### Task prompt
Nothing but the lines from the one containing "とても個性的な表情でお庭が楽" through the end of the data should be output, each reproduced exactly.

### The data
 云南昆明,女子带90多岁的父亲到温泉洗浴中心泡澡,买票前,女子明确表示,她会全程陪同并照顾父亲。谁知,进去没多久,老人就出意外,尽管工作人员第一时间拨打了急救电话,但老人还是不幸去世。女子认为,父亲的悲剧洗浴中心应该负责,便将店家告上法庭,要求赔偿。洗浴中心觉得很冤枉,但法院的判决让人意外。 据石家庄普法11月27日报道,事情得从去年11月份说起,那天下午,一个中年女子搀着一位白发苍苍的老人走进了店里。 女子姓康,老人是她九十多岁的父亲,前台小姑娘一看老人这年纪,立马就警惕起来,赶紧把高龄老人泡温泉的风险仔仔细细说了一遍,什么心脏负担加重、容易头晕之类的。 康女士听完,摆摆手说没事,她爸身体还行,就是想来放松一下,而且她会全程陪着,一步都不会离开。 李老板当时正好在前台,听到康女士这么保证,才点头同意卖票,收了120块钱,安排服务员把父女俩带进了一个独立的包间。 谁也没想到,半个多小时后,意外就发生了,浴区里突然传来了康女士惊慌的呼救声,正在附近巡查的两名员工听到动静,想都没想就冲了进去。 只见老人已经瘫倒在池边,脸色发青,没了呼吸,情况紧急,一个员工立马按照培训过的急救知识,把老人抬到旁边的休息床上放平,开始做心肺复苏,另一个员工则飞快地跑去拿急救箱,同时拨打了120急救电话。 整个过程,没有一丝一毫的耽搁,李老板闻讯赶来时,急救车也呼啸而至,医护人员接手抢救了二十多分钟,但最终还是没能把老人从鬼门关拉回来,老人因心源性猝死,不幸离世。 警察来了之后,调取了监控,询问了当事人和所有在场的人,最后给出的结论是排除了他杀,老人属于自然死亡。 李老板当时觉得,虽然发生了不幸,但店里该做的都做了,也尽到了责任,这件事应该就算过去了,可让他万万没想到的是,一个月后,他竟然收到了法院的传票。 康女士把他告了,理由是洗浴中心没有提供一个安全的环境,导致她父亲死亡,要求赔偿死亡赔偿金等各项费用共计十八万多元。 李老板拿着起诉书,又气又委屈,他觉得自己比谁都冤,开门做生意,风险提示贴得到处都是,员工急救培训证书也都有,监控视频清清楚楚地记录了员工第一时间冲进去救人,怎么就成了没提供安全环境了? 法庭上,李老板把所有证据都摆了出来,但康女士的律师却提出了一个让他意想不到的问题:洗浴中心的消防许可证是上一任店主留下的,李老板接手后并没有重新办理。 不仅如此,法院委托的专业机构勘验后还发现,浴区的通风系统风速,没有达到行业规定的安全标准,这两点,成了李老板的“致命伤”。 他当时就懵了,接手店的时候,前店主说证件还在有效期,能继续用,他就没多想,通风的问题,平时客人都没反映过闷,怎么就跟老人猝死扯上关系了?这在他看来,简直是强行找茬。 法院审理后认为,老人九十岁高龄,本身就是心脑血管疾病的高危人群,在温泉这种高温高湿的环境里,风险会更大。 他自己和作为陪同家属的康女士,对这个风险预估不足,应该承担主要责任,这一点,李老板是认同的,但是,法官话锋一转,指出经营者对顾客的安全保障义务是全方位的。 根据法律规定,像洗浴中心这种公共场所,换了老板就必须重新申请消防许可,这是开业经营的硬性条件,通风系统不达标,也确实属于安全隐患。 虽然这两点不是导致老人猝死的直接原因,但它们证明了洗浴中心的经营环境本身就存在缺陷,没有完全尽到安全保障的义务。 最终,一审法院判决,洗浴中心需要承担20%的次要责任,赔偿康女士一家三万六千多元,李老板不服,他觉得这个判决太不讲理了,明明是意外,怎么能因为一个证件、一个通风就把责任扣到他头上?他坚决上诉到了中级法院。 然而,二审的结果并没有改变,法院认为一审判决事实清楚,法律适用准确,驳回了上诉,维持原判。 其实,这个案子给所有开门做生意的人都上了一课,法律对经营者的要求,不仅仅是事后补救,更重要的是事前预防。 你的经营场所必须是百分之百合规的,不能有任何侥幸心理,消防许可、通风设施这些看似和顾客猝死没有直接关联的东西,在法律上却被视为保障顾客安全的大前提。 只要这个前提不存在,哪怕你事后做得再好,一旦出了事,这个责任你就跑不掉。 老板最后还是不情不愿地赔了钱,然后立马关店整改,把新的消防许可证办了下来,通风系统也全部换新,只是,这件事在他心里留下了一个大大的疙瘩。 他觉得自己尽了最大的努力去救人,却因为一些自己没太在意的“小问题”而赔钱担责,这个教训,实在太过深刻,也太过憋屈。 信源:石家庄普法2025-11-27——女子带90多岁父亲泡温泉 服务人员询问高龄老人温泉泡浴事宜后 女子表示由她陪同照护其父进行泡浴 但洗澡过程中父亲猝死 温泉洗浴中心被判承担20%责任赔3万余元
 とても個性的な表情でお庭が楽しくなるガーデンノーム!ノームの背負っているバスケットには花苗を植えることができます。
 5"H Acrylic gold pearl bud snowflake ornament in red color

### Answer below
 とても個性的な表情でお庭が楽しくなるガーデンノーム!ノームの背負っているバスケットには花苗を植えることができます。
 5"H Acrylic gold pearl bud snowflake ornament in red color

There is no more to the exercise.